Sesampainya di dapur, dilihatnya Aya sedang mengobrol sambil menyiapkan sarapan pagi bersama bude Welas.
Tampak seperti tidak pernah terjadi sesuatu. Ara berdehem di belakang mereka sehingga membuat mereka terkejut dan membalikkan badan mereka.
"Eh bapak." Kata bude Welas dengan tersenyum dan permisi untuk menata meja sembari menyiapkan makanan di atas meja.
Sedangkan Aya hanya berdiam diri tanpa menyapa Ara dan berdiri di dekat meja.
Setelah bude Welas keluar dari dapur menuju ruang makan, tinggalah Ara dan Aya berdua di dapur.
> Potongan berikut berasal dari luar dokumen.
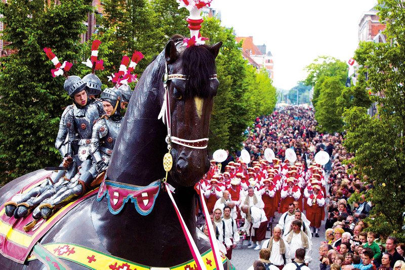 在比利时首都布鲁塞尔西北30多公里的登德尔蒙德,来自范达姆家的四兄弟骑在彩裙木马上参加十年一度的彩裙木马巡游。 )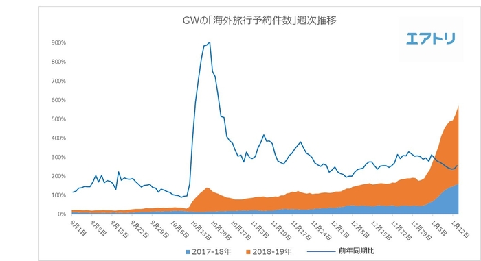 また、2019年のGWを10連休とする方針発表前後1週間の予約件数対比(※1)は853%と、長期連休の発表が海外旅行の需要喚起に繋がったことが伺えます。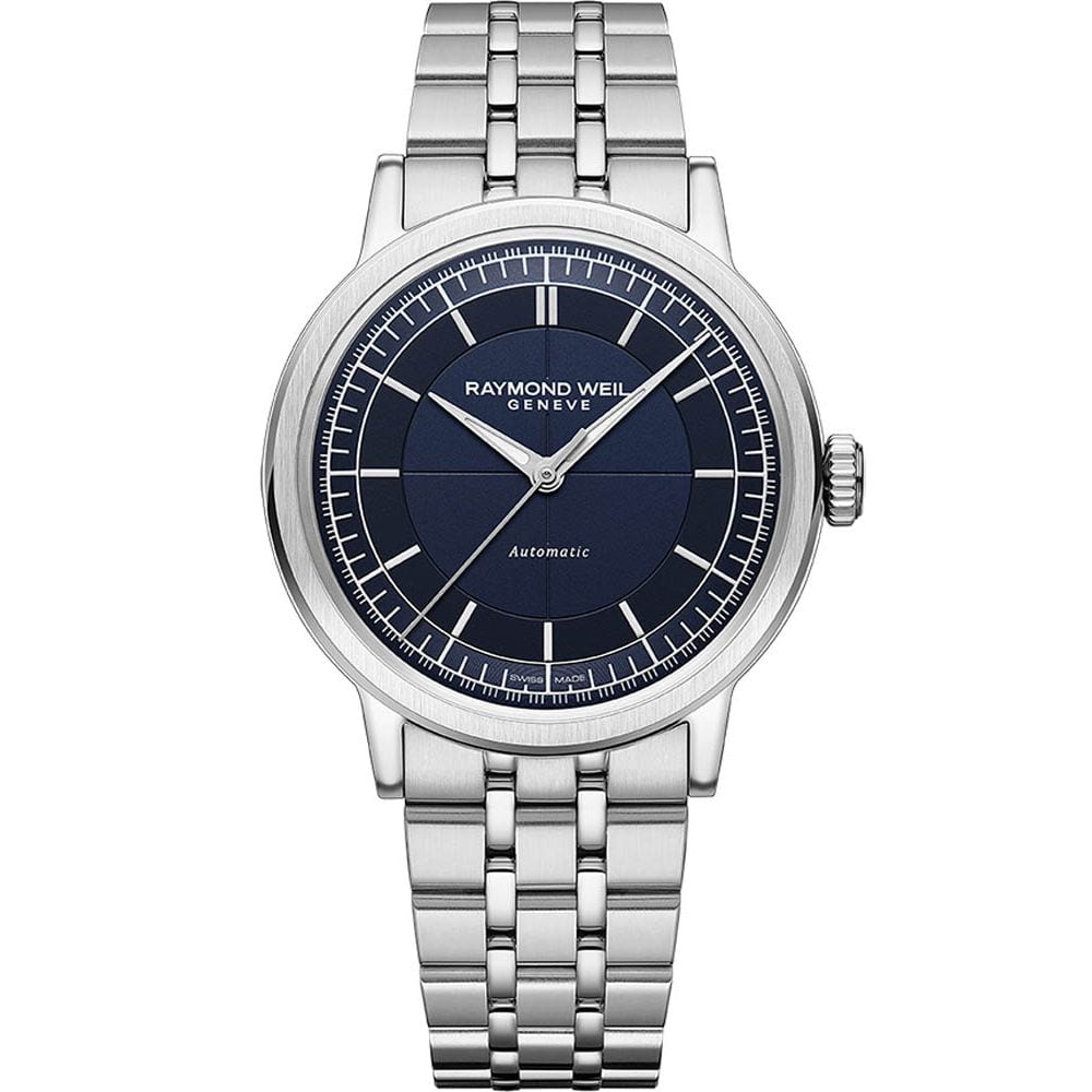 Blending vintage charm with modern refinement, the Millésime Automatic showcases a beautifully textured blue sector dial beneath a sapphire crystal glass-box. Silver-toned hands with Super-LumiNova®, along with a smooth hour track, snailed minute track, and brushed centre, enhance both readability and elegance. A satin-brushed bezel contrasts with polished bevels, while the sapphire caseback reveals the self-winding movement and signature W-shaped oscillating weight. Paired with a 5-row stainless steel bracelet or a leather strap with W-stitching, this neo-vintage timepiece embodies RAYMOND WEIL’s heritage of precision and timeless design.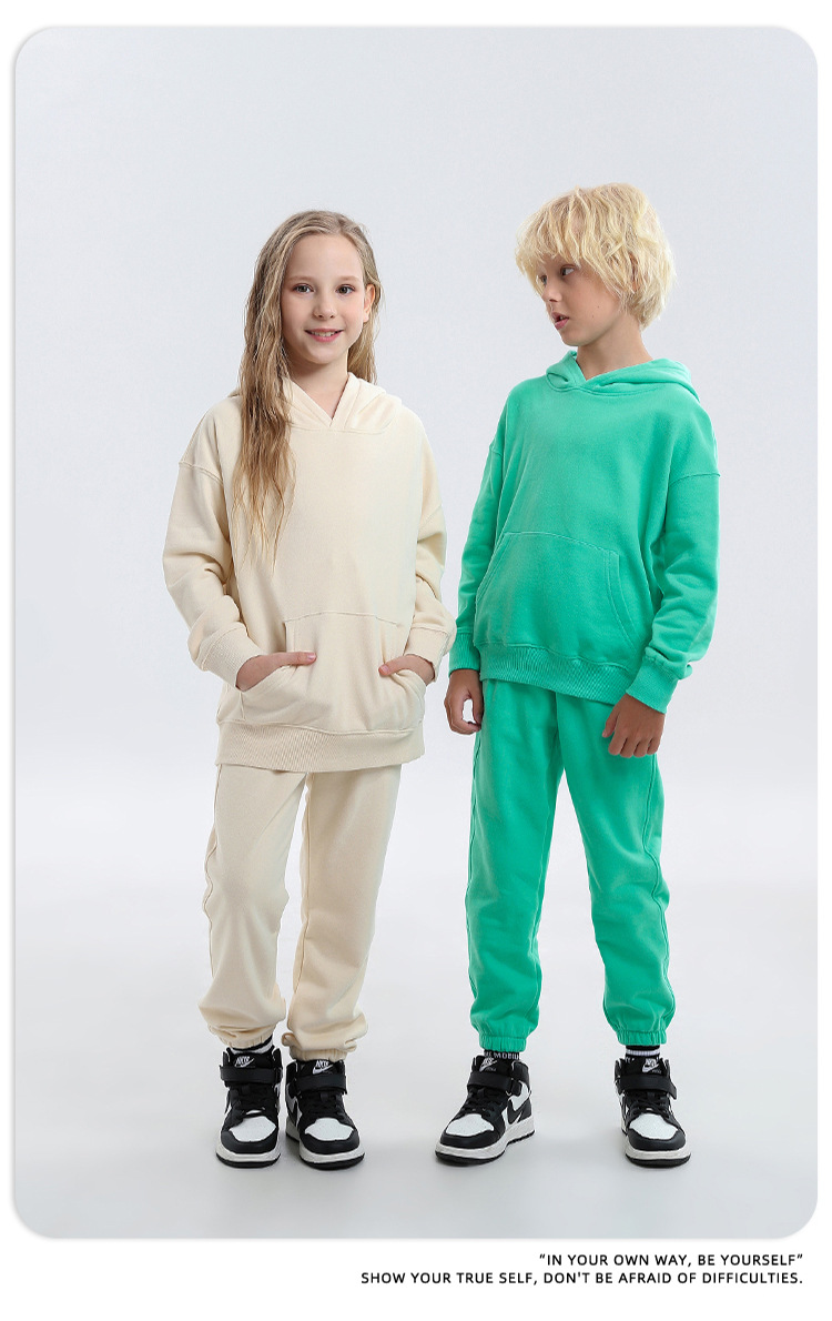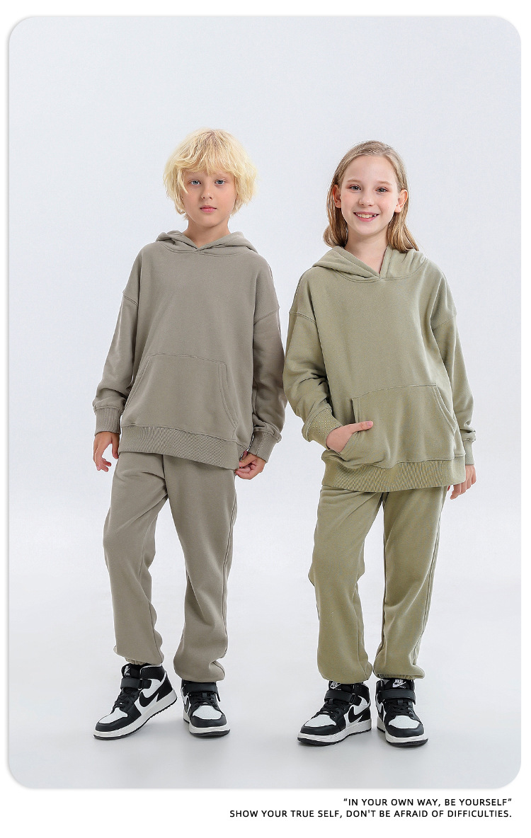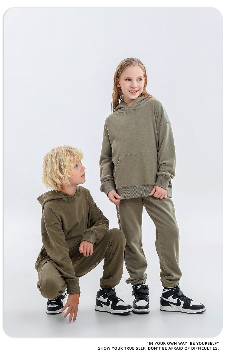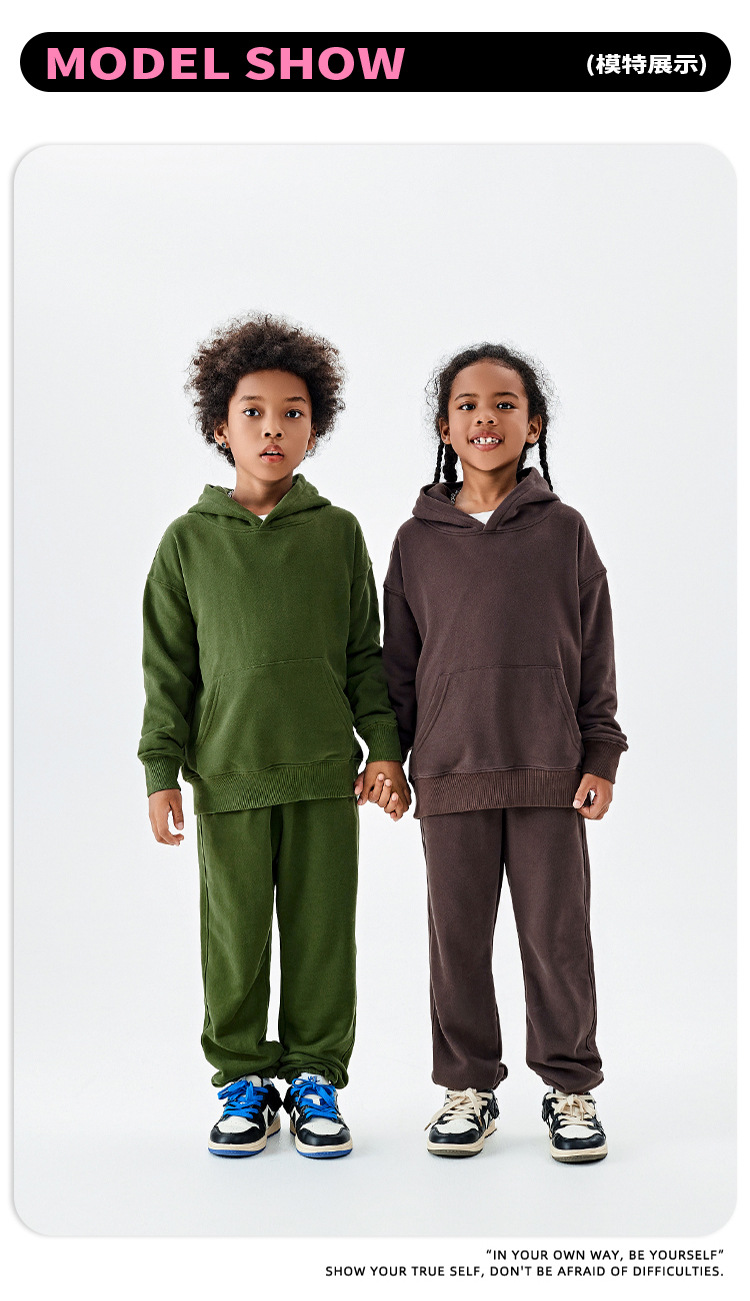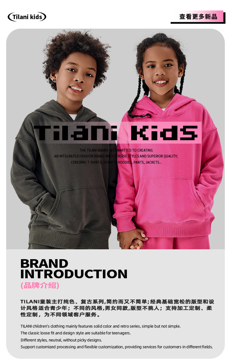 TILANI 아동복 유럽 및 미국 가을/겨울 Maillard 320g 테리면 소형 중형 남성 및 여성용 단색 느슨한 아동용 조끼스토어 가기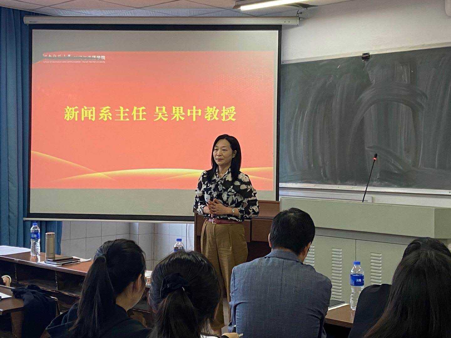 肖燕雄对20级新生的到来表示热烈欢迎,并详细介绍了我院新闻实验班的发展历程、人才培养方式、人才培养特色等方面内容,提倡新生要多阅读、多思考;王云从学习、生活、班级、个人等方面向新生提出建议,希望学生树立专业目标,做好人生规划;吴果中介绍了新闻系的历史沿革,提倡新生在广读、精读、善读的基础上享受生活、加强交流、认识世界,在新闻这个有意义的专业成就自己有意义的人生;翁杨和新生亲切交流后,表示会做好新生的“学伴”,引导陪伴同学们成长成才;新生代表程妤婷表示会坚定专业理想,努力学好专业知识;李正益建议新生把握加入新闻实验班的“幸福”和“幸运”,在未来的学习生活中要坚定目标、勤学苦练,并祝愿新生学有所获、学有所成、学有所进。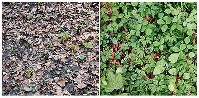 Abb. 4 - Detailansicht der Bodenvegetation im durch Freizeitaktivitäten stark belasteten Waldgebiet vor Beginn des Regenerationsversuches (links) und in einer Untersuchungsfläche ohne Bodenbearbeitung nach sieben Jahren Regeneration (rechts). Foto: H.-P. Rusterholz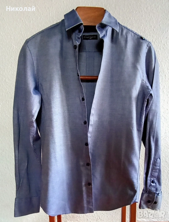 Продавам класическа вталена риза на Capasca от 100% памук, размер S, цвят син.

Ara berdiri memandangi Aya sambil tersenyum. Namun hal ini membuat Aya menjadi risih. Pandangan Ara tampak seperti menelanjangi dan semakin membuat Aya menjadi tidak nyaman.
Ara perlahan berjalan mendekati Aya. Aya yang sudah mentok dengan meja dapur, hanya bisa berpegangan pada sisi-sisi meja. Aya berusaha menatap tajam Ara dengan harapan Ara hanya menatapnya tanpa melakukan sesuatu.
Namun sepertinya tidak ada yang bisa menakuti Ara. Ia tertawa sinis sambil memegang dagu Aya.
"Bagaimana tidurmu semalam?" Tanyanya. Ia menyapukan bibirnya ke bibir Aya dengan ringan.
"Hmmm???" Ara menaikkan sebelah alisnya. Meminta jawaban.
"Eh, lumayan nyenyak mas." Jawab Aya, sedikit ragu. Ara mundur dan berbalik hendak menuju meja makan. Ia yakin bude Welas sudah selesai mempersiapkan sarapan mereka.
"Ayo kita sarapan?" Ajak Ara terlebih dahulu berjalan.
Aya termenung sendiri melihat perlakuan Ara yang selalu berubah-ubah. Ia memandangi punggung Aya yang berjalan menjauh. Lalu ia menyusul di belakang.